From the entries below, return exactly the lines beginning at the one that contains "- Осмотрев заднюю" and ending at the one that contains "2022年11月19日19:00时,20", both of them included, and only those lines.

EXTRACTED MATERIAL —

^^^^^^^^

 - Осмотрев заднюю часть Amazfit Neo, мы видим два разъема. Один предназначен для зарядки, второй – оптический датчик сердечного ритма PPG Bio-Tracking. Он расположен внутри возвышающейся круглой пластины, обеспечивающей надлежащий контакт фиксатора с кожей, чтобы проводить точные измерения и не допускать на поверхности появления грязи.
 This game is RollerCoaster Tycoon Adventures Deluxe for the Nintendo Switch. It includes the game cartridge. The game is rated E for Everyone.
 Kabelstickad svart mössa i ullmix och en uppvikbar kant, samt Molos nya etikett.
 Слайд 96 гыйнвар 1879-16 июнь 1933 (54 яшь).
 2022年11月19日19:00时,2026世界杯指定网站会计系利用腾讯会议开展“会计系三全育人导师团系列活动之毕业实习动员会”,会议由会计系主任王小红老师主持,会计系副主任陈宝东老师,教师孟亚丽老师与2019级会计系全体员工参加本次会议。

^^^^^^^^

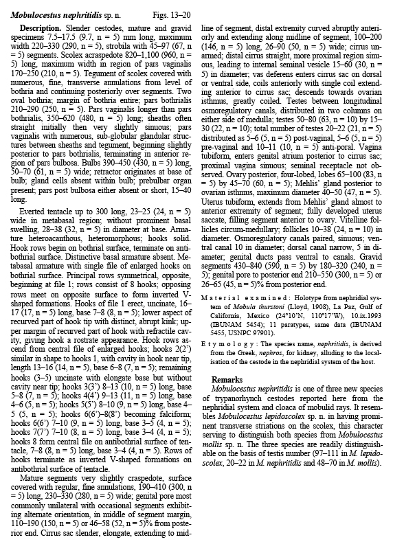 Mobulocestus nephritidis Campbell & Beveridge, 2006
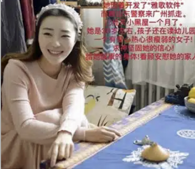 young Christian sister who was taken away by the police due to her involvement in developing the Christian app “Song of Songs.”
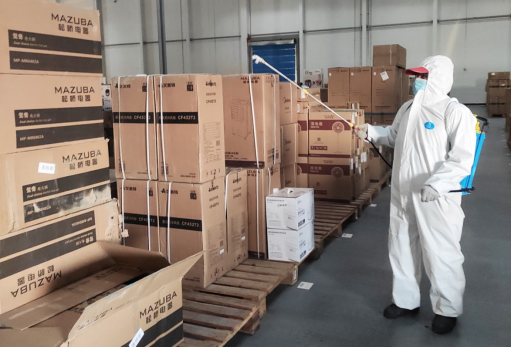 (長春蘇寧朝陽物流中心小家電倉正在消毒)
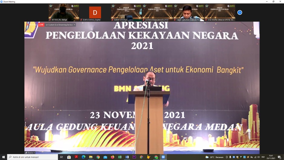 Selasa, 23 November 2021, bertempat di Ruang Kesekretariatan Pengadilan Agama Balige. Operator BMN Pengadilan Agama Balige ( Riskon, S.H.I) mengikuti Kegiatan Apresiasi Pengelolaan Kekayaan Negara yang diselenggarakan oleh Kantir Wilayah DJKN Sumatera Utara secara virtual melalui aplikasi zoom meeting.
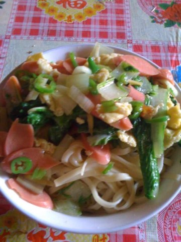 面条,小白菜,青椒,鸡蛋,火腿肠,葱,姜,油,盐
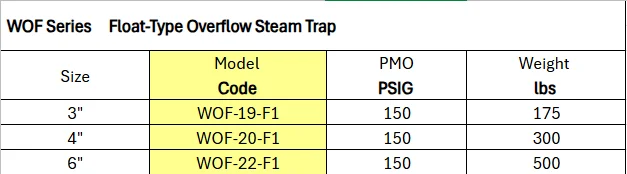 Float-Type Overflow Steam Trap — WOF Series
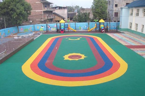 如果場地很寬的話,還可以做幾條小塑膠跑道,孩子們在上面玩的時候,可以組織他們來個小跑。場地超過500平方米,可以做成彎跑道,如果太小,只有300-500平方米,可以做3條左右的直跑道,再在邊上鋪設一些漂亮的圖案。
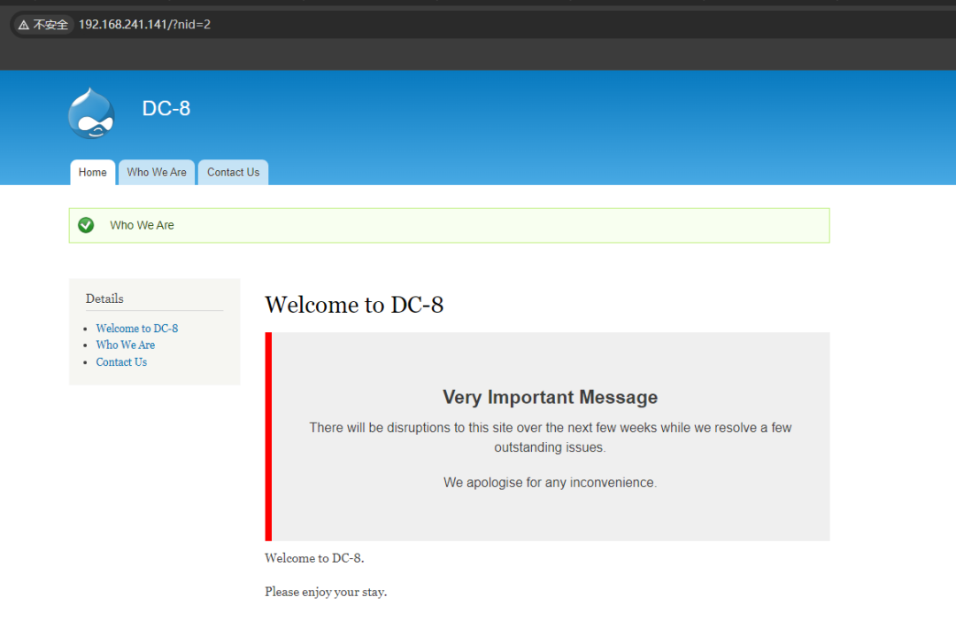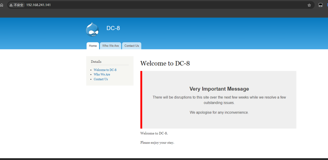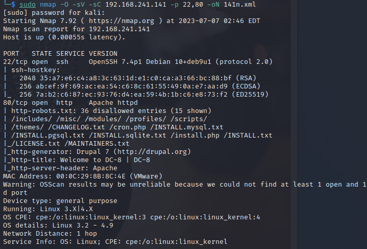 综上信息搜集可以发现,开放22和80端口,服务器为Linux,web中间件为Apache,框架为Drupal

^^^^^^^^

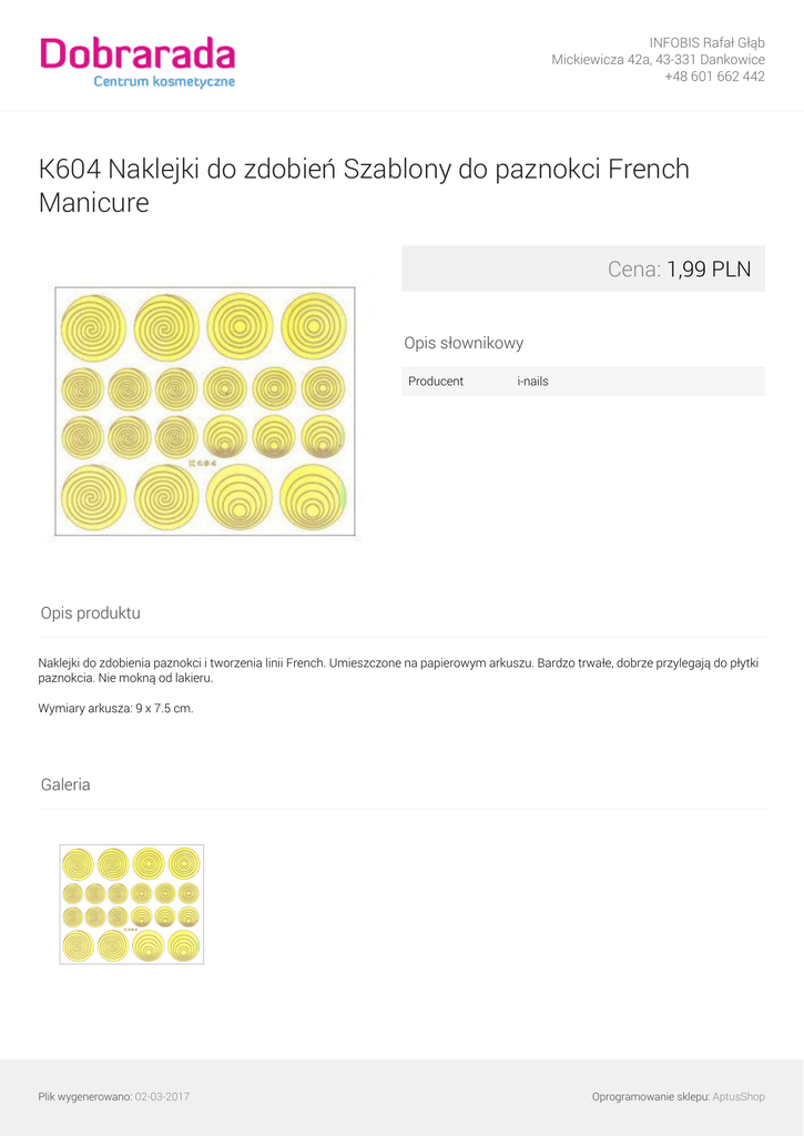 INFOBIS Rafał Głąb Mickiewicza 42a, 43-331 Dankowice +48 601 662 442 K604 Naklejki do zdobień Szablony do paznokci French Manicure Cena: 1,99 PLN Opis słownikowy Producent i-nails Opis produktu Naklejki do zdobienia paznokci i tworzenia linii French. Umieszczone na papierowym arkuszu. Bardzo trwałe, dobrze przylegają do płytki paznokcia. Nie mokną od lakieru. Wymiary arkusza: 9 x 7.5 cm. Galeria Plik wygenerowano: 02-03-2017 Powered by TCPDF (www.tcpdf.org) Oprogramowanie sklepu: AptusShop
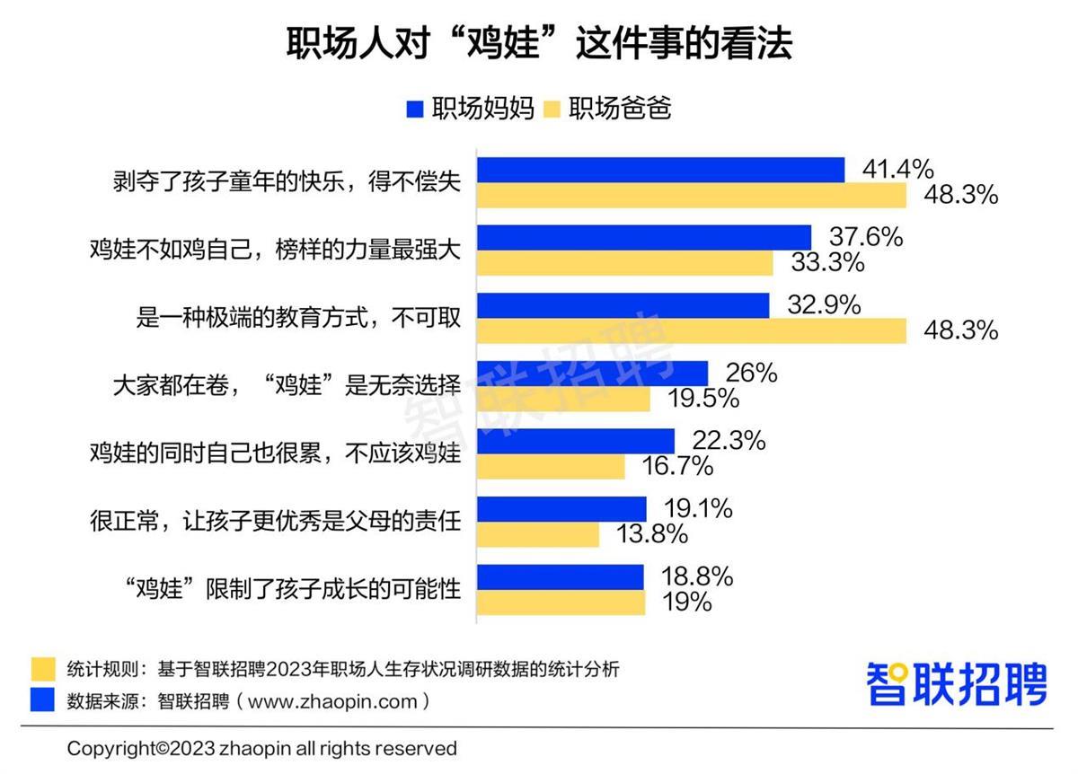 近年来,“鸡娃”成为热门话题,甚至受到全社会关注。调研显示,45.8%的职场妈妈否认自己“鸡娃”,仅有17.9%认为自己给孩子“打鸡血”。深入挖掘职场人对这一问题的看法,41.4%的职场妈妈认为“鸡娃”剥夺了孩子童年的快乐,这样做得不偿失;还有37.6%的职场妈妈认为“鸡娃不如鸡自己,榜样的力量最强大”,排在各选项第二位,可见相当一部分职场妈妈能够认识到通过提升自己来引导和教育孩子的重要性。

^^^^^^^^

TASK RESPONSE —
 - Осмотрев заднюю часть Amazfit Neo, мы видим два разъема. Один предназначен для зарядки, второй – оптический датчик сердечного ритма PPG Bio-Tracking. Он расположен внутри возвышающейся круглой пластины, обеспечивающей надлежащий контакт фиксатора с кожей, чтобы проводить точные измерения и не допускать на поверхности появления грязи.
 This game is RollerCoaster Tycoon Adventures Deluxe for the Nintendo Switch. It includes the game cartridge. The game is rated E for Everyone.
 Kabelstickad svart mössa i ullmix och en uppvikbar kant, samt Molos nya etikett.
 Слайд 96 гыйнвар 1879-16 июнь 1933 (54 яшь).
 2022年11月19日19:00时,2026世界杯指定网站会计系利用腾讯会议开展“会计系三全育人导师团系列活动之毕业实习动员会”,会议由会计系主任王小红老师主持,会计系副主任陈宝东老师,教师孟亚丽老师与2019级会计系全体员工参加本次会议。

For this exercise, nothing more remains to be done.